PA 09-133—HB 6391

Public Health Committee


SUMMARY: This act revises the law on consent for HIV-related testing. Specifically, it:

1. eliminates the requirement for separate, written or oral consent for HIV testing and instead allows general consent for the performance of medical procedures or tests to suffice;

2. reaffirms that HIV testing is voluntary and that the patient can choose not to be tested;

3. eliminates a prior requirement for extensive pre-test counseling for all HIV tests;

4. adds a requirement that an HIV test subject, when he or she receives a test result, be informed about medical services and local or community-based HIV/AIDS support services agencies; and

5. provides that a medical practitioner cannot be held liable for ordering an HIV test under general consent provisions.

EFFECTIVE DATE: July 1, 2009


The act specifies that a person who gives general consent for medical procedures and tests is not required to also sign or be presented with a specific informed consent form relating to procedures or tests to determine HIV infection or antibodies to HIV. “General consent,” under the act, includes instruction to the patient that (1) as part of the medical procedures or tests, the patient may be tested for HIV and (2) such testing is voluntary and the patient can choose not to be tested for HIV or antibodies to HIV.

Under the act, general consent that includes HIV-related testing must be given without undue inducement or any form of compulsion, fraud, deceit, duress, or other constraint or coercion. (Under prior law, this requirement applied to specific consent for HIV testing. ) The medical record must document a patient's refusal of an HIV-related test.

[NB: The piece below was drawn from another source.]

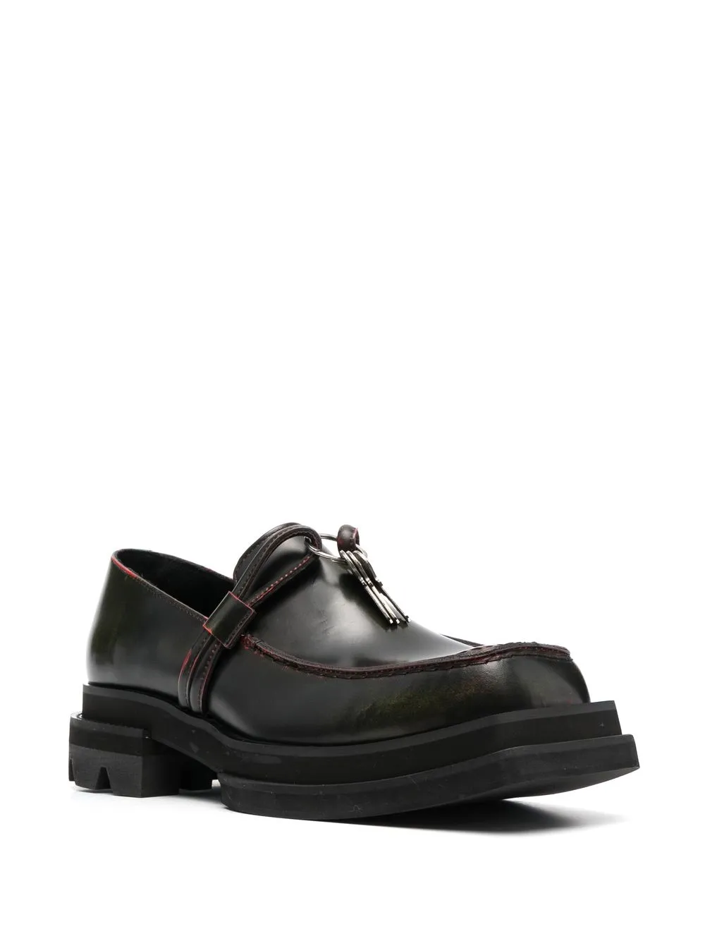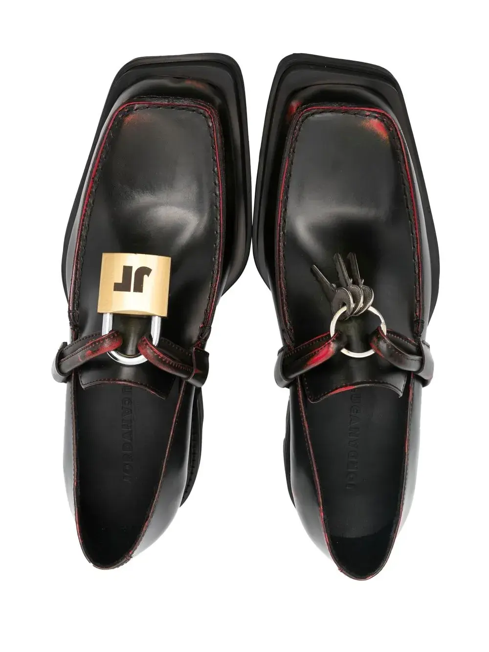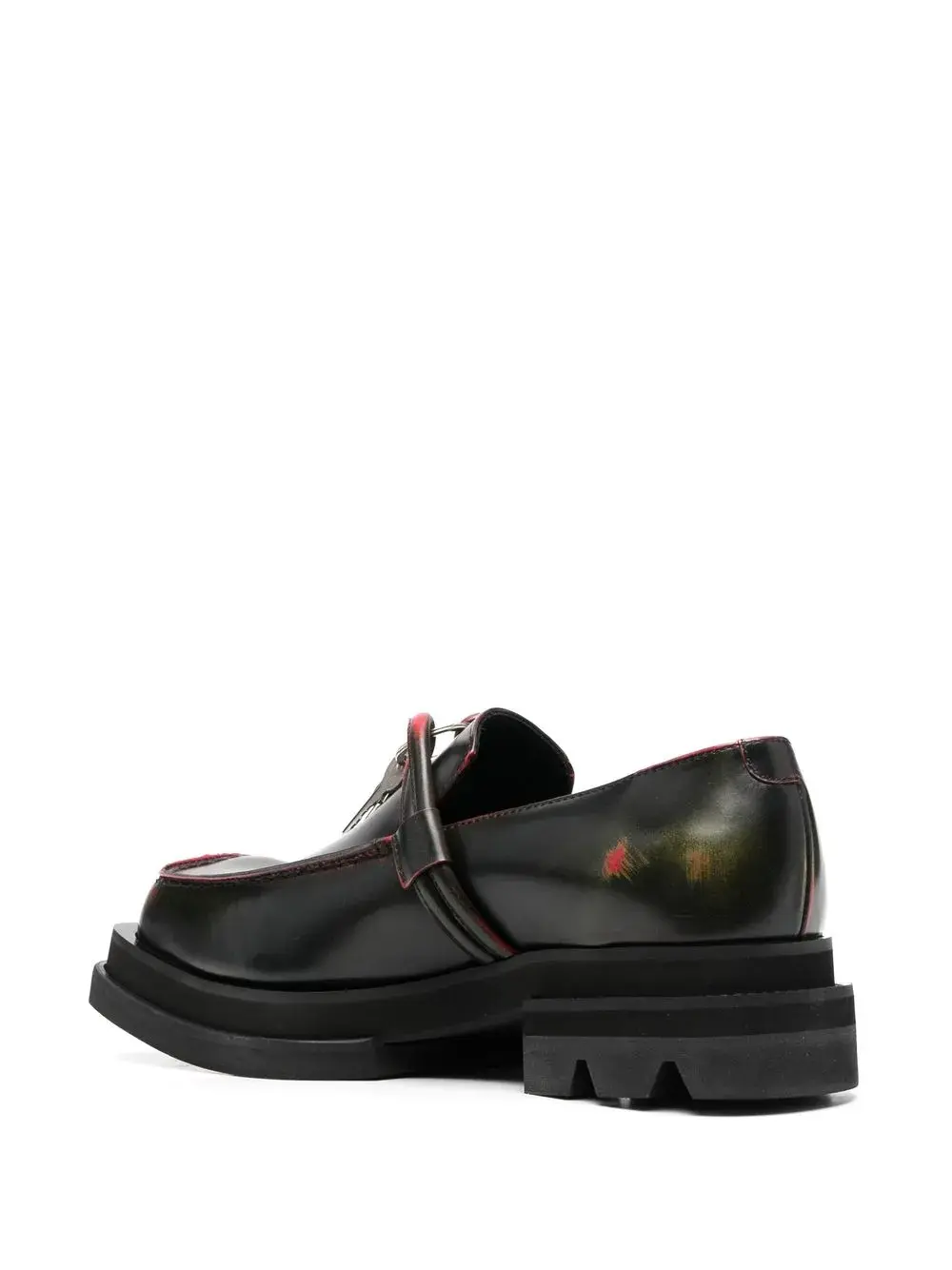 Черный/красный, черный/красный, узор с эффектом разбрызганной краски, квадратный носок, шнуровка спереди, низкий блочный каблук, стелька с логотипом и массивная резиновая подошва c протектором.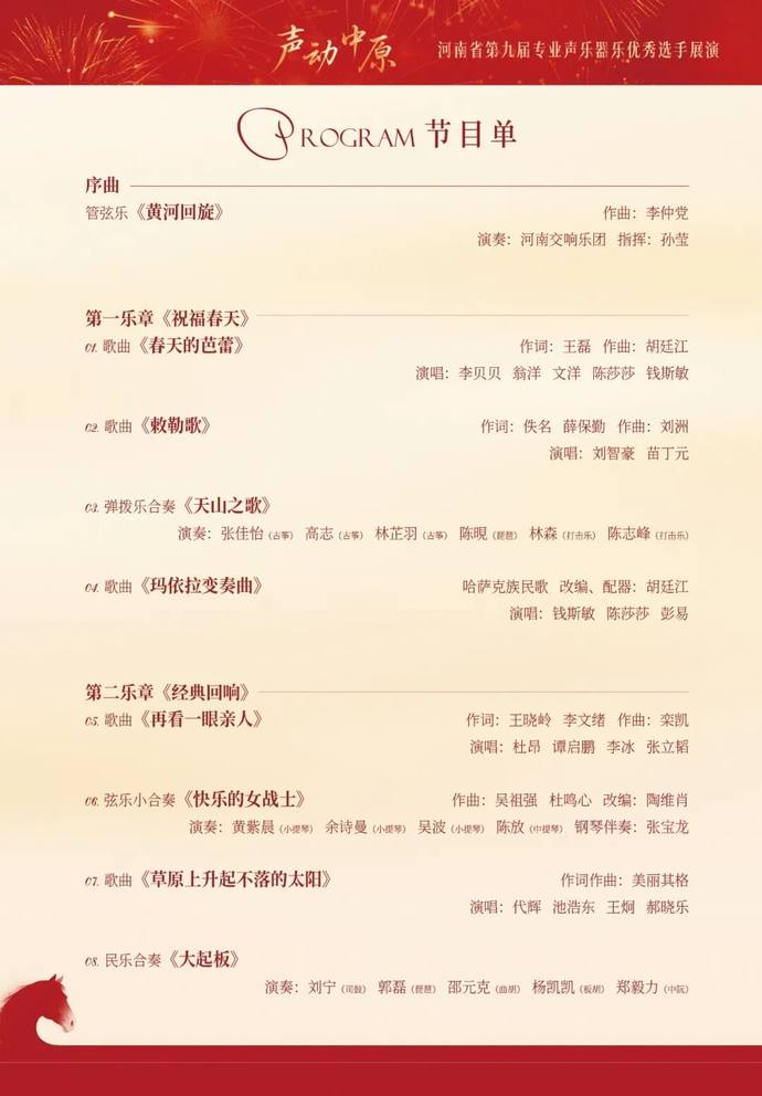 整场演出涵盖声乐和器乐多种形式,以“序曲”《黄河回旋》及“四个乐章”的结构展开,从《祝福春天》到《经典回响》,从《家国同梦》到《跃马新程》,既有对美好春天的歌颂向往,又有唤起岁月记忆的经典回顾,既有对祖国家乡的深沉礼赞,又有对中原儿女在新时代新征程上跃马扬鞭、砥砺前行的新年祝福。

Under prior law, informed consent to an HIV-related test had to include a statement to the individual that included (1) an explanation of the test, including the meaning of results and the benefits of early diagnosis and medical intervention; (2) acknowledgement that consent was not a precondition to receiving care but refusal to consent may affect the provider's ability to diagnose and treat; (3) an explanation of the procedures to be followed, including that the test was voluntary, and a statement advising of the availability of anonymous testing; and (4) an explanation of the protections given confidential HIV-related information.

Also under prior law, before obtaining informed consent, the person ordering the test had to explain AIDS and HIV-related illness and provide information about behaviors posing a risk for transmitting HIV infection.

The act eliminates these existing provisions of law governing HIV-specific informed consent.


Prior law required the person ordering an HIV-related test to provide the test subject or his or her authorized representative with counseling information when giving the test results. The act instead specifies that such counseling initiatives are required as needed and also adds counseling about available medical services and local or community-based HIV/AIDS support services agencies.

By law, if provided, such counseling or referrals must also address: (1) coping with the emotional consequences of learning the test result; (2) discrimination the test result disclosure could cause; (3) behavior changes to prevent transmitting or contracting HIV infection; (4) information about available treatments; (5) working towards involving a minor's parents or guardian in decisions about medical treatment; and (6) the need of the test subject to notify his or her partners and, as appropriate, provide assistance or referrals for assistance in notifying partners.


CDC HIV Testing Guidelines and Recommendations

In 2006, the federal Centers for Disease Control and Prevention (CDC) revised its HIV testing guidelines by recommending that separate written consent for HIV testing not be required for patients in all health care settings. Instead, general consent for medical care should be considered sufficient to encompass consent for HIV testing, according to the CDC.